▶ [WHAT IS NEEDED] Write each line below back out exactly, omitting its pictures.

▶ [DATA PROVIDED]
===============
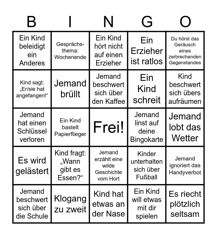 This bingo card has a free space and 24 words: Jemand beschwert sich über die Schule, Kind fragt: „Wann gibt es Essen?“, Jemand beschwert sich über den Kaffee, Ein Kind will etwas mit dir spielen, Du hörst das Geräusch eines zerbrechenden Gegenstandes, Ein Kind beleidigt ein Anderes, Gesprächs- thema: Wochenende, Ein Kind hört nicht auf einen Erzieher, Jemand linst auf deine Bingokarte, Jemand lobt das Wetter, Jemand hat einen Schlüssel verloren, Jemand brüllt, Kinder unterhalten sich über Fußball, Jemand ignoriert das Handyverbot, Kind sagt: „Er/sie hat angefangen!“, Klogang zu zweit, Kind hat etwas an der Nase, Ein Erzieher ist ratlos, Kind beschwert sich übers aufräumen, Es wird gelästert, Ein Kind bastelt Papierflieger, Jemand erzählt eine wilde Geschichte vom Hort, Ein Kind schreit and Es riecht plötzlich seltsam.
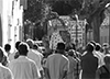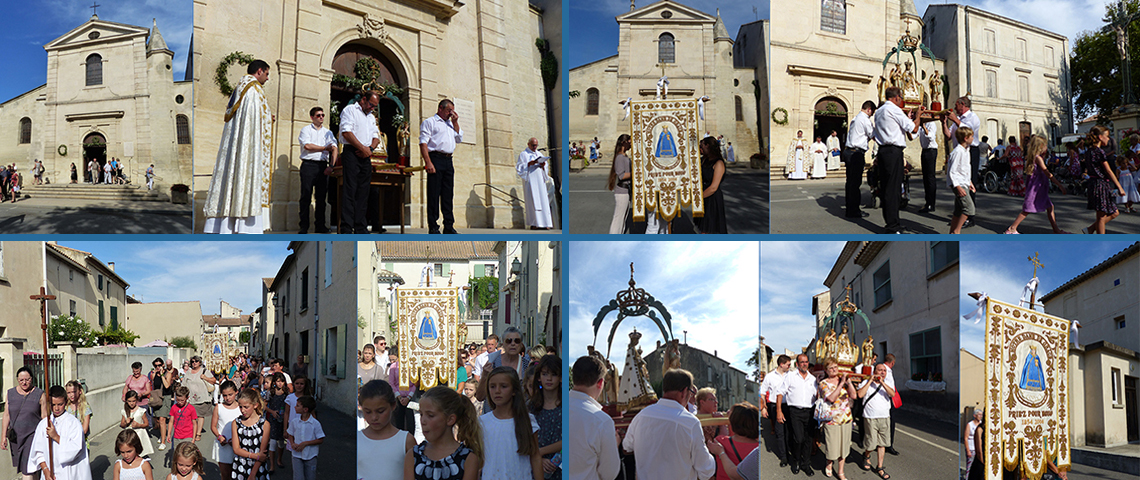 Maillane 24 août 2014 _ En tête, la croix portée par un enfant de choeur, elle est suivie des enfants du village, puis vient la bannière de Notre-Dame de Grâce, et enfin la statue sous son dais portée à tour de rôle par les pèlerins ; le long cortège faisant demi-tour à un certain point, le flot montant des pèlerins croise le flot descendant, donnant l'impression d'une marée humaine ...
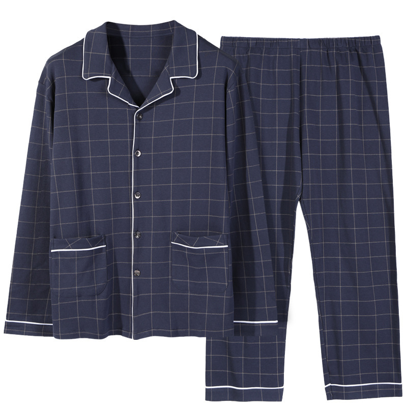 뚱뚱한 형 잠옷 남성 플러스 사이즈 더하기 지방 플러스 격자 무늬 긴 소매 바지 홈 옷 2 피스 세트 머리카락 세대스토어 가기
===============
▶ [RESULT]
 This bingo card has a free space and 24 words: Jemand beschwert sich über die Schule, Kind fragt: „Wann gibt es Essen?“, Jemand beschwert sich über den Kaffee, Ein Kind will etwas mit dir spielen, Du hörst das Geräusch eines zerbrechenden Gegenstandes, Ein Kind beleidigt ein Anderes, Gesprächs- thema: Wochenende, Ein Kind hört nicht auf einen Erzieher, Jemand linst auf deine Bingokarte, Jemand lobt das Wetter, Jemand hat einen Schlüssel verloren, Jemand brüllt, Kinder unterhalten sich über Fußball, Jemand ignoriert das Handyverbot, Kind sagt: „Er/sie hat angefangen!“, Klogang zu zweit, Kind hat etwas an der Nase, Ein Erzieher ist ratlos, Kind beschwert sich übers aufräumen, Es wird gelästert, Ein Kind bastelt Papierflieger, Jemand erzählt eine wilde Geschichte vom Hort, Ein Kind schreit and Es riecht plötzlich seltsam.
 Maillane 24 août 2014 _ En tête, la croix portée par un enfant de choeur, elle est suivie des enfants du village, puis vient la bannière de Notre-Dame de Grâce, et enfin la statue sous son dais portée à tour de rôle par les pèlerins ; le long cortège faisant demi-tour à un certain point, le flot montant des pèlerins croise le flot descendant, donnant l'impression d'une marée humaine ...
 뚱뚱한 형 잠옷 남성 플러스 사이즈 더하기 지방 플러스 격자 무늬 긴 소매 바지 홈 옷 2 피스 세트 머리카락 세대스토어 가기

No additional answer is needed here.